(Beginning of Exercise input)

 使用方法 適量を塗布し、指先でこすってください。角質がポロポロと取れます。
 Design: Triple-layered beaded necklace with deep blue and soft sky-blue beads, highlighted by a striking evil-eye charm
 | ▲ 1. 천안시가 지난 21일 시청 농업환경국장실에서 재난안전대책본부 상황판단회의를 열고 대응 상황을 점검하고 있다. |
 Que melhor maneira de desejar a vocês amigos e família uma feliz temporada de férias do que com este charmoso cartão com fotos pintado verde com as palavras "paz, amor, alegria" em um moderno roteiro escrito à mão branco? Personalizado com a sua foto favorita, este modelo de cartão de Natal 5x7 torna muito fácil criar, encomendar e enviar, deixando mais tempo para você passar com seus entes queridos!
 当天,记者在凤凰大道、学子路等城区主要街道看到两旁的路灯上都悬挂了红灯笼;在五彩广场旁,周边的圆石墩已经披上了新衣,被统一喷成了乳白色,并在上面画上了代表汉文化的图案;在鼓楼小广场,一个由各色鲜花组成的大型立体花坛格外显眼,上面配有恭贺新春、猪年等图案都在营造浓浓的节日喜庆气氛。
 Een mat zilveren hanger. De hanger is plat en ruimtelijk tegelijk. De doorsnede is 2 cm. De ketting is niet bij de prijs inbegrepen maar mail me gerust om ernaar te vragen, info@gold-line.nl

(End of Exercise input)
(Beginning of Exercise input)

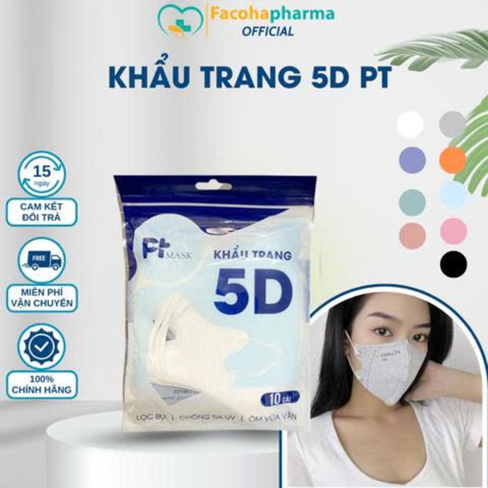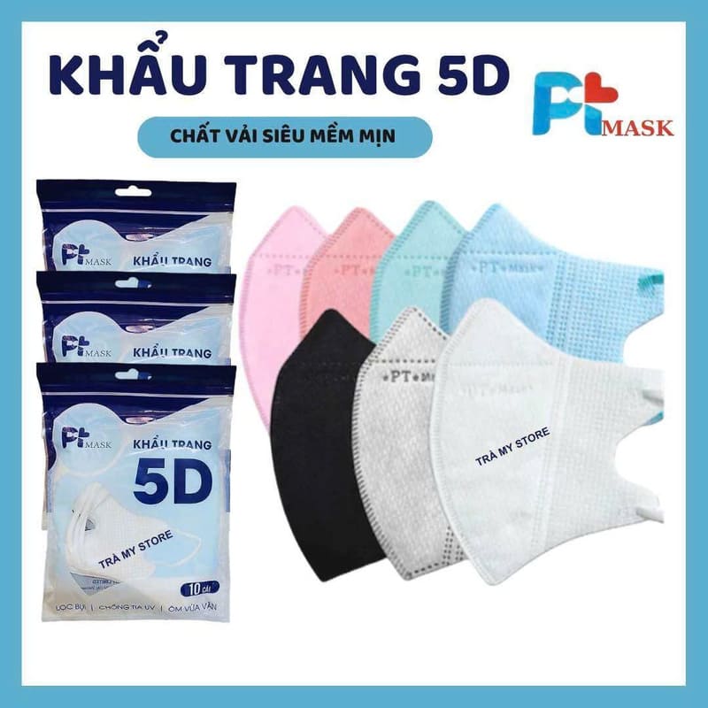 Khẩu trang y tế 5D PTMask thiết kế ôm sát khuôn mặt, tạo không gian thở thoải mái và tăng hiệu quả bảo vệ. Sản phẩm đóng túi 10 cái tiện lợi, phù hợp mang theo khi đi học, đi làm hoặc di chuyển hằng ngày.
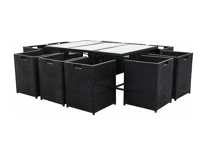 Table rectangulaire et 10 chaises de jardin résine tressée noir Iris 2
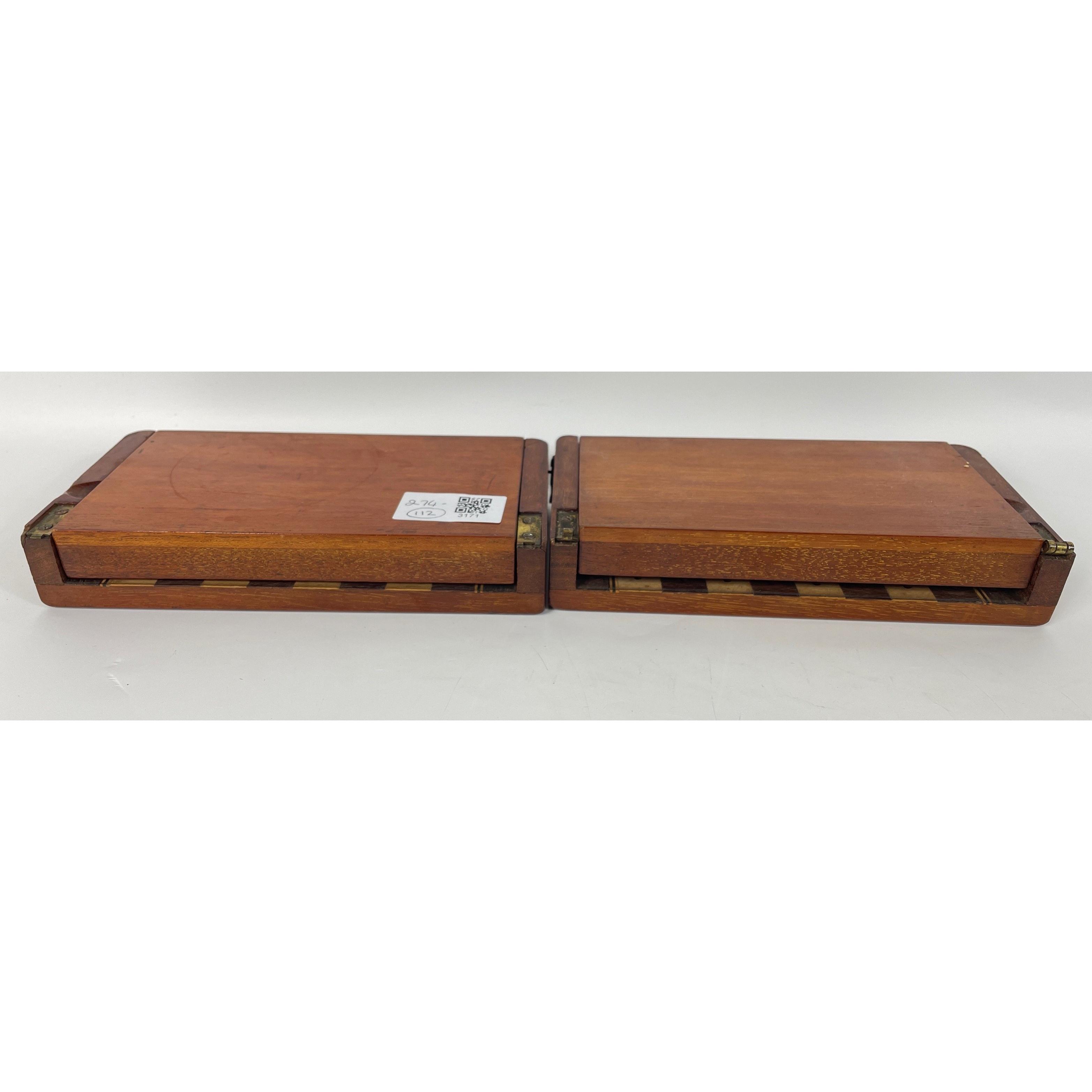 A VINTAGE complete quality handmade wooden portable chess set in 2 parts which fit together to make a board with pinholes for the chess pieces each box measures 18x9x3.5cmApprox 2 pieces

(End of Exercise input)

Exercise
Everything from the line with "使用方法 適量を塗布し、指先でこすってください。角質がポロポロと取れます。" through the line with "Een mat zilveren" should be written out exactly as it appears above, end lines included, and nothing outside that range.

Written response
 使用方法 適量を塗布し、指先でこすってください。角質がポロポロと取れます。
 Design: Triple-layered beaded necklace with deep blue and soft sky-blue beads, highlighted by a striking evil-eye charm
 | ▲ 1. 천안시가 지난 21일 시청 농업환경국장실에서 재난안전대책본부 상황판단회의를 열고 대응 상황을 점검하고 있다. |
 Que melhor maneira de desejar a vocês amigos e família uma feliz temporada de férias do que com este charmoso cartão com fotos pintado verde com as palavras "paz, amor, alegria" em um moderno roteiro escrito à mão branco? Personalizado com a sua foto favorita, este modelo de cartão de Natal 5x7 torna muito fácil criar, encomendar e enviar, deixando mais tempo para você passar com seus entes queridos!
 当天,记者在凤凰大道、学子路等城区主要街道看到两旁的路灯上都悬挂了红灯笼;在五彩广场旁,周边的圆石墩已经披上了新衣,被统一喷成了乳白色,并在上面画上了代表汉文化的图案;在鼓楼小广场,一个由各色鲜花组成的大型立体花坛格外显眼,上面配有恭贺新春、猪年等图案都在营造浓浓的节日喜庆气氛。
 Een mat zilveren hanger. De hanger is plat en ruimtelijk tegelijk. De doorsnede is 2 cm. De ketting is niet bij de prijs inbegrepen maar mail me gerust om ernaar te vragen, info@gold-line.nl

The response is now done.